Однажды вечером, возвращаясь с абонементного филармонического концерта, я проходила мимо ресторана на углу Мойки и Невского. Из зарешеченных окон сочился медовый свет. Гардеробщик принимал оснеженные шубы. Должно быть, в скрытой от глаз горячей кухне французский повар бросал в молоко цветки турецкого шафрана. Тончайшие бокалы летели, толпою съехав к краю подноса. Богатые люди читали меню. Просунув руку между коваными прутьями, я растерла варежкой дырку в наледи и приблизила лицо к стеклу. В конце ресторанного зала стоял рояль. Длинноволосый студент аккомпанировал истощенному скрипачу. Будущее всплыло передо мной с обжигающей ясностью. На следующий день я приехала к Валечке и швырнула на матрас «Мелодию» Глюка.
– Послушай, – сказала я, тряханув Валю за плечи. – Каждый день с семи до одиннадцати вечера я занимаюсь музыкой в университете. На кафедре мне дают ключи от аудитории с инструментом. Я договорюсь на вахте, чтобы тебя пускали. Ты будешь приезжать к нам в Озерки. Мы будем репетировать. Потом устроимся в ресторан. Поиграем недельку. Тебя сразу увидят. Ты выйдешь замуж за миллионера. И нам больше не надо будет выгадывать, в каких бы гостях тебя еще покормить. Понимаешь?

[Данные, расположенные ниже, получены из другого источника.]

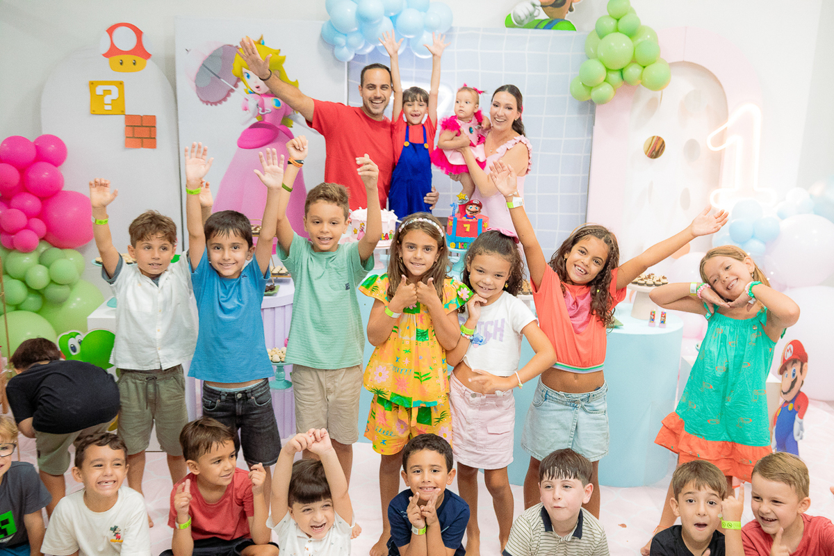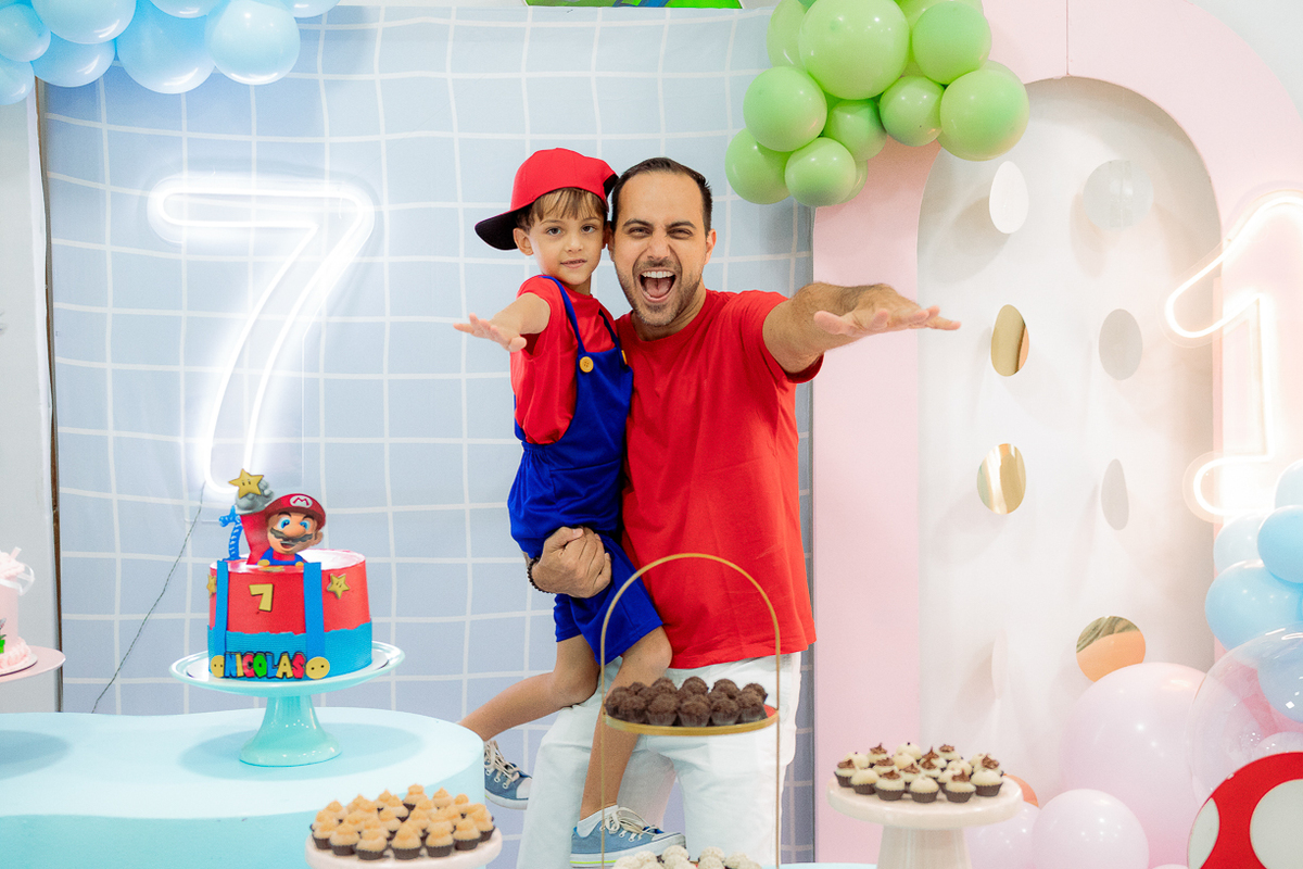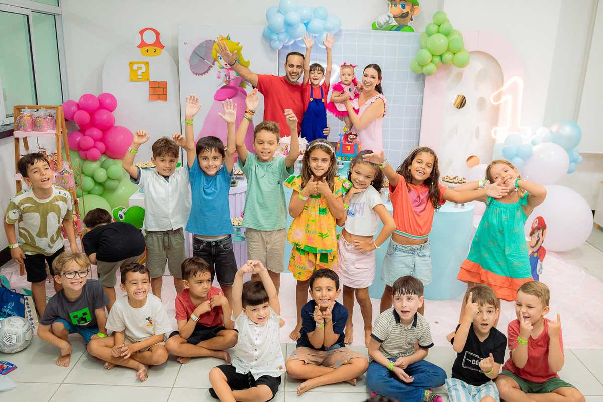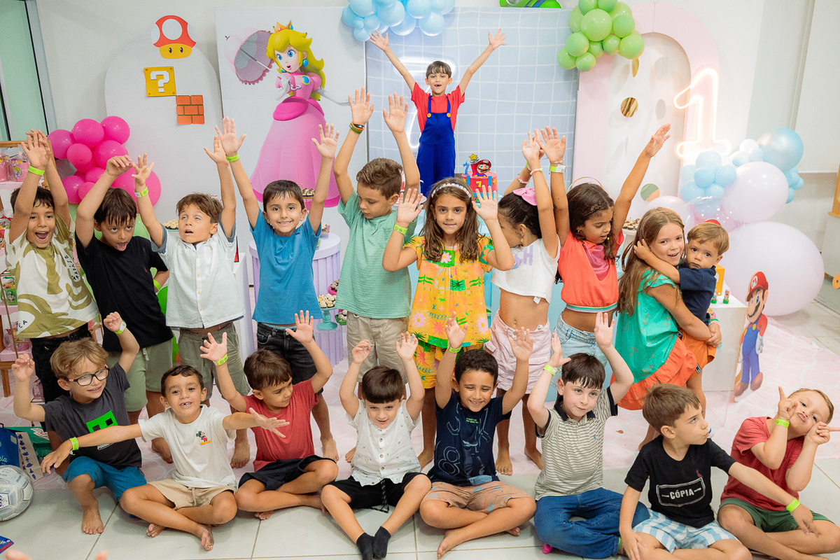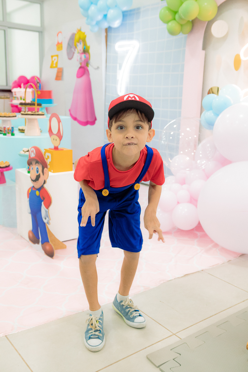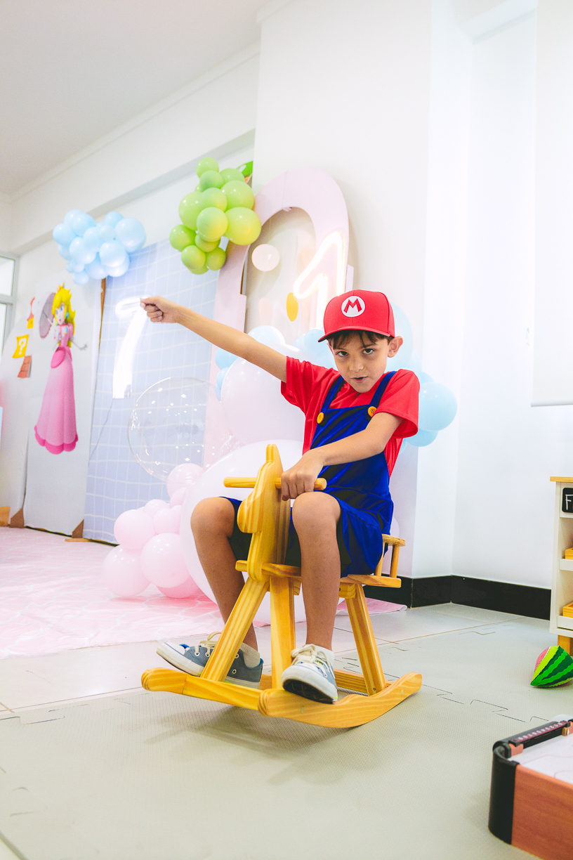 Sabe aqueles que só existem na imaginação das crianças? O tema Super Mario ganhou vida com cores vibrantes, risadas e pequenos detalhes que transformaram o espaço em um reino digno dos jogos.

Она кивнула. И обняла меня за шею.
Каждая вторая нота, взятая Валей, была фальшива. Но меня переполняла решимость.
– Будем работать, – говорила я.
Однако чаще всего Валечка просто не приезжала на репетиции. Я резалась в гаммы по три часа в одиночестве. Стрелка делала за кругом круг. Снег падал. Переставал. И падал снова. Я понимала, что Валечка сбилась с курса. Неведомый маленький кормчий, скрытый под ее лобной костью, водил Валечку бесконечными галереями идеальных пустот, образованных идеальными гранитными объемами. До костей промерзая, она брела по щиколотку в водянистом снегу, растворяя в нем кромку сборчатой юбки, и не могла вспомнить, зачем и куда идет. Через пару месяцев я бросила Глюка под кровать. И забыла о ресторане.
Глава I
Большой и красный. Это первое. Impression. Вареный рак, упавший в сырость земли. Таким я запомнила Государственный университет гуманитарных наук. Сросшиеся по-сиамски корпуса общаги и учебного здания, стоящие неэкономно, отложив подле себя прямоугольные яйца – лектории, галереи, площадки, парапеты. И гектары грязи вокруг. Обвисшая сеть проводов. Плохая погода. Темные птицы в планирующем полете. Столбы фонарей, обреченные на век без любви, как дубы и рябины. Уныние. Бесцветная заря одиночества. От остановки трамвая до главного входа – метров триста болотистых почв. Дорогой срывало шапку. Щеки драл ледяной сквозняк. Пятнадцать лет назад я, Таня Козлова, приехала в Санкт-Петербург учиться искусствоведению. И первой петербургской страницей в мою утлую память легла не парадная открытка, а именно эта пространственная ведута: пустырь и гигантский кирпичный лангуст-мутант, развалившийся посередине. Отпрыск робкой, сухомятной, беременной кубиками архитектурной мысли восьмидесятых – дом Наркомата тяжелой промышленности, прошедший через десятилетия кровопролитий как через ушко иголки, – обмелевший, зажатый, бездарный рахит, умножающий скорбь студентов, удаленных от всякого отчего.
– Триста шестьдесят третья… есть место, – комендантша перелистывала умащенные кожным салом страницы, – триста шестьдесят седьмая… есть, хм.